Stark reminders of the ships that didn't make it are dotted around
the Cape. You'll see their rusty remains on some of the beaches. One of
the more famous wrecks is the Thomas T. Tucker, one of hundreds
of Liberty Ships produced by the United States to enable the Allies to
move vast amounts of supplies during World War II. It wasn't the U-boats
patrolling the coastline that did the ship in. Rather the fog closed in,
and on her maiden voyage in 1942, she ended up on Olifantsbos Point.
Fortunately, all on board were saved, but the wreck soon broke up in the
rough seas that pound the coast.
The park has some excellent land-based whale-watching spots. About
June-November, whales return to these waters to calve. You're most
likely to see the southern right whale in False Bay, but the occasional
humpback and Bryde's whale also shows up.
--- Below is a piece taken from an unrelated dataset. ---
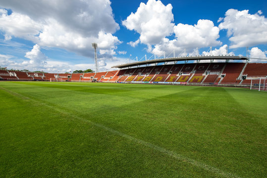 Green synthetic artificial grass soccer sports field with white corner stripe line next to modern school building at background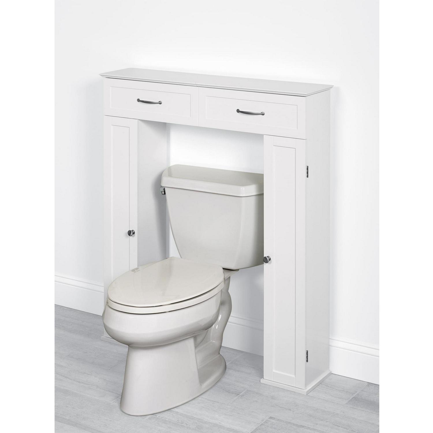 - Stylish bathroom console fits over your toilet to provide valuable storage and organization

When the water is calm, you
may even be lucky enough to see a school of dolphins looping their way
past. The Rooikrans parking lot is good for whale-watching, but there
are any number of lookout points. It's just a matter of driving around
until you see the characteristic spray or a shiny black fluke.
The mast you see on the western slopes of Cape Point near the
lighthouse belongs to the Global Atmosphere Watch Station (GAW). The
South African Weather Bureau, together with the Fraunhofer Institute in
Garmisch, Germany, maintains a research laboratory here to monitor
long-term changes in the chemistry of the earth's atmosphere, which may
impact climate. This is one of 20 GAWs throughout the world, chosen
because the air at Cape Point is considered particularly pure most of
the time.
A large sit-down restaurant has better views than food (but that is
saying a lot), and a kiosk sells snacks. There are three gift shops and
an Internet café, where you can send a photo of yourself with Cape Point
in the distance to the folks back home. During peak season
(December-January), visit Cape Point as early in the day as you can;
otherwise you'll be swamped by horrendous numbers of tour buses and
their occupants. Fun alternatives include an escorted bike trip to the
point and an overnight hike with comfortable basic accommodations and
incredible views, which is booked through South African National Parks.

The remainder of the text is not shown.